Trening o świcie
Jeśli nie masz problemu z porannym wstawaniem, ale jednocześnie kładziesz się spać o dość wczesnej porze, to właśnie godziny między 5.00 a 9.00 rano są dla Ciebie najlepszym czasem na bieganie.
Trening na sam początek dnia rządzi się jednak swoimi prawami. Po pierwsze musisz rozbudzić zaspany organizm i zwiększyć temperaturę ciała, która w czasie snu ulega spadkowi. Twoja rozgrzewka powinna wynosić przynajmniej 15 minut. Dzięki temu zmniejszysz sztywność mięśni, stawów i ścięgien, przyspieszysz metabolizm, a także pozwolisz przyzwyczaić się organizmowi do wysiłku fizycznego.

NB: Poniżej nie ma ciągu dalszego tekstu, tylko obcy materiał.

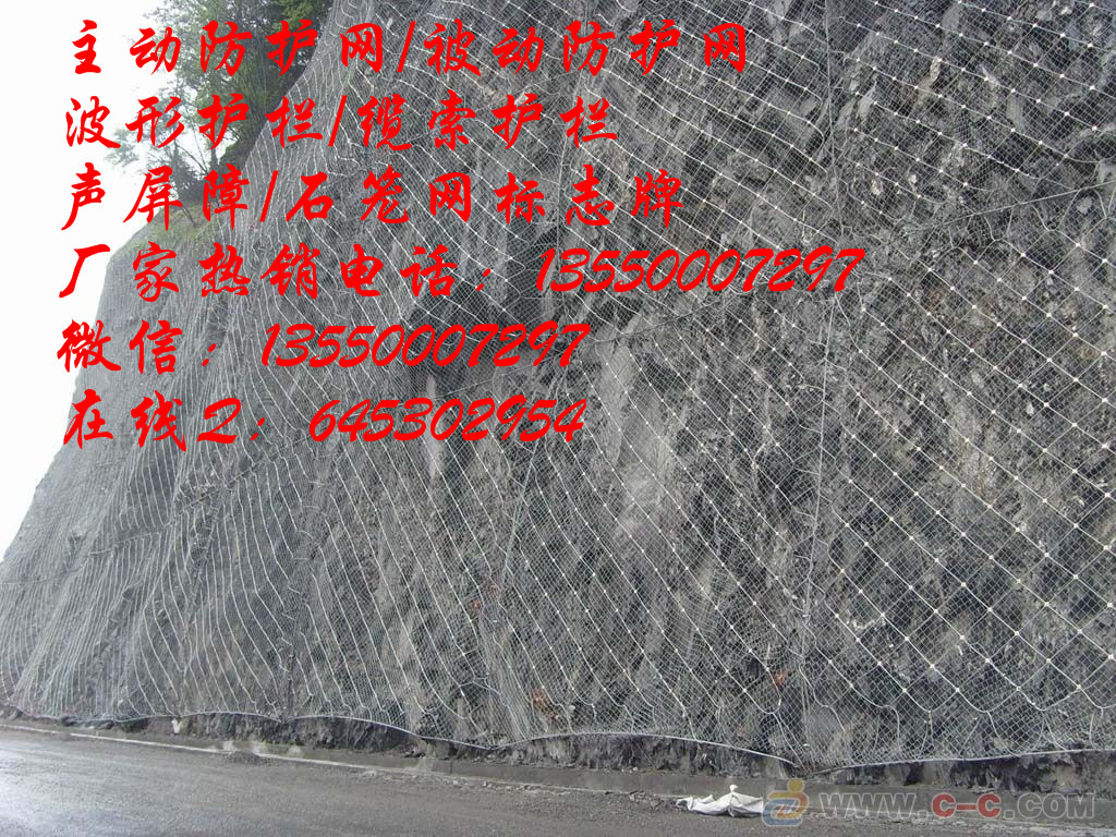 主動網主要通過系統作用把防止落石滑落或者把落石控制在一定范圍內,廣泛用于高速公路邊坡防護,國省干道邊坡防護,山區公路邊坡防護,地震多發地段,易發泥石流等地,水電站,礦山,景區,隧道口,鐵路沿線等山體邊坡防護作用。
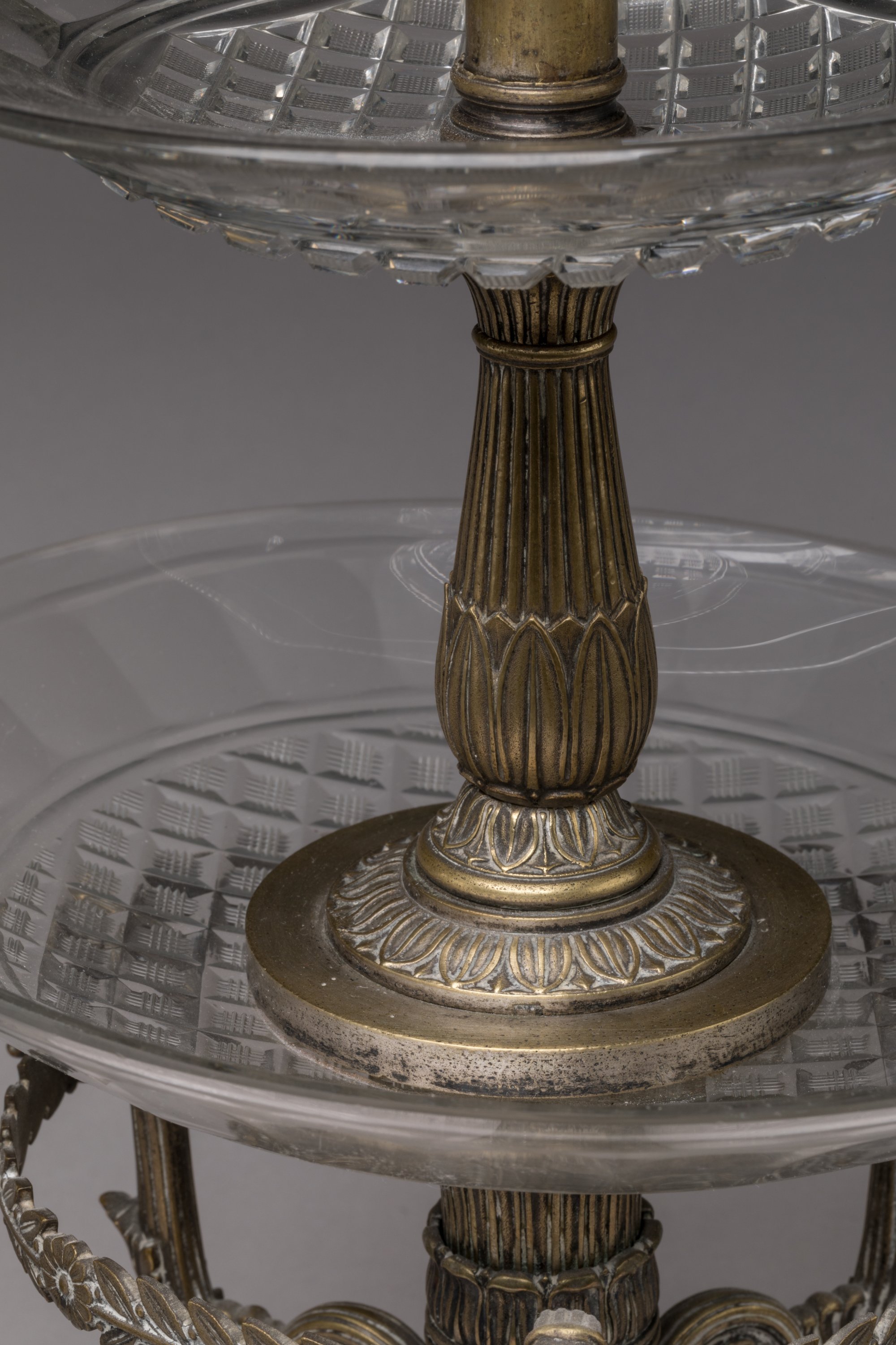 en bronze anciennement doré, à trois plateaux de cristal. La prise annulaire moulurée repose sur des feuilles d'acanthe se terminant en volute. Le fût balustre orné de bagues, cannelures et motifs de feuilles d'eau. La base tripode est parée de trois consoles en arabesque ornées de feuilles d'acanthe, réunies chacune par une guirlande de feuilles de laurier. Les plateaux en cristal sont gravés de motifs losangés.

Nie zapomnij o podniesieniu poziomu glikogenu. Zjedz lekkie śniadanie w postaci tostu posmarowanego chudym twarogiem i szklanką świeżo wyciśniętego soku z owoców. Jeśli o tej porze nie jesteś w stanie niczego zjeść wypij na przykład szklankę wody lub soku z dodatkiem miodu, a po treningu koniecznie zadbaj o śniadanie.
Poranny bieg na pewno poprawi Ci humor, bowiem wysiłek fizyczny powoduje wzrost poziomu serotoniny, tzw. hormonu szczęścia oraz doda energii na dalszą część dnia.